The image abbove shows the data catalog with a grouping applied for dataset sensitivity while also having a filter applied on file type which produces a much reduced list of objects which can be used to pinpoint relevant objects of interest for an investigation.

Each dataset row displays:

  • Dataset Name (auto-assigned or user-defined)
  • Sensitivity label (e.g., Confidential, Restricted)
  • Copies count
  • Sources of data (e.g., file path, application, device)
  • First and Last Seen timestamps
  • Actions: Drill down into events or link to policy or asset views

Screenshot placeholder: Grouped datasets with sensitivity labels and copy counts

2. Data Sorting and Filtering

To help users locate the most relevant data quickly, the table supports:

  • Search by dataset name, file name, or origin.
  • Sort by sensitivity, date seen, number of copies, or activity volume.
  • Filter by:
    • Sensitivity level (e.g., Confidential, Public)
    • Source application or domain
    • File type or extension
    • Event type (e.g., download, upload, clipboard)
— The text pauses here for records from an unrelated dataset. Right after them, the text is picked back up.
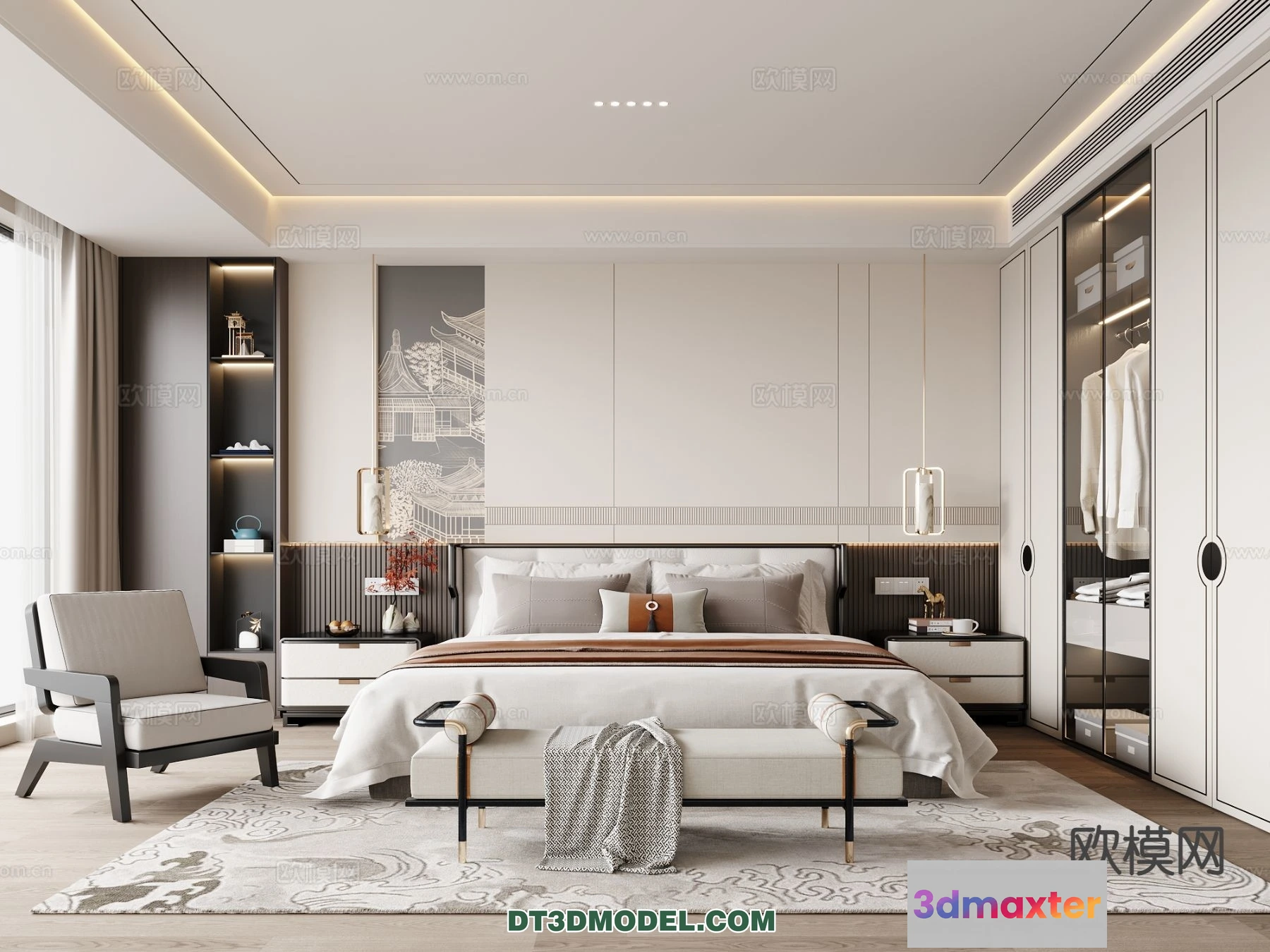 3D Models / 3D Scenes / Interior / Bedroom / Bedroom – Chinese Style – 3D Model For Interior Design – 668 3D Max
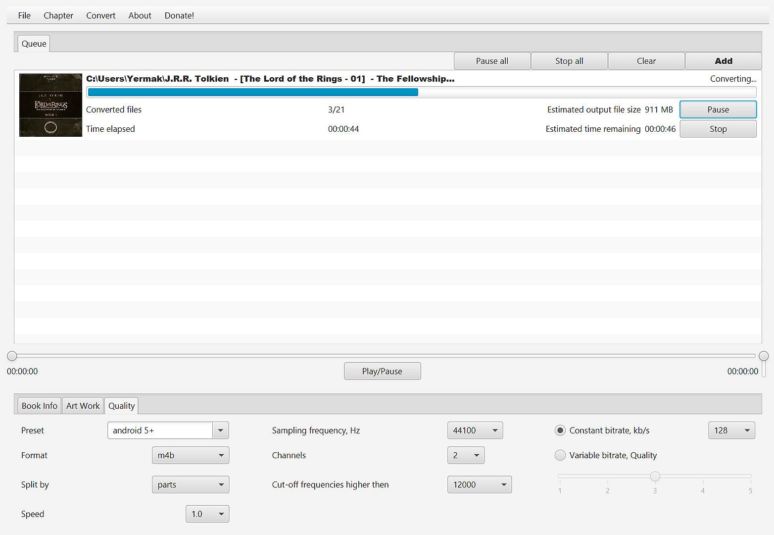 AudioBookConverter was originally designed as a simple and lightweight application to convert a set of mp3 files to single or set of m4b (aac) files to be played on your mobile device (or any device now).Now
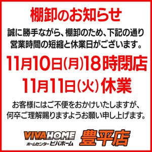 ビバホーム豊平店は、棚卸のため11月10日(月)は18時に閉店、11月11日(火)は休業致します。

Screenshot placeholder: Filtering options dropdown and active filters applied

This enables analysts to pinpoint high-risk datasets or unusual behavior (e.g., many copies of a confidential file distributed across personal devices).

3. Integration with Platform Components

The Data Catalog serves as a central discovery point and integrates with several key Cyberhaven features:

  • Event Timeline: Click any dataset to view its usage history, including who accessed it, when, and how.
  • Policy Violations: Jump from a dataset to a list of events that triggered protection policies.
  • User and Asset Views: Drill down into the user or device associated with a specific data event.

Screenshot placeholder: Example of clicking into a dataset to view event timeline and policy violations

These integrations make it easy to investigate incidents directly from the dataset level.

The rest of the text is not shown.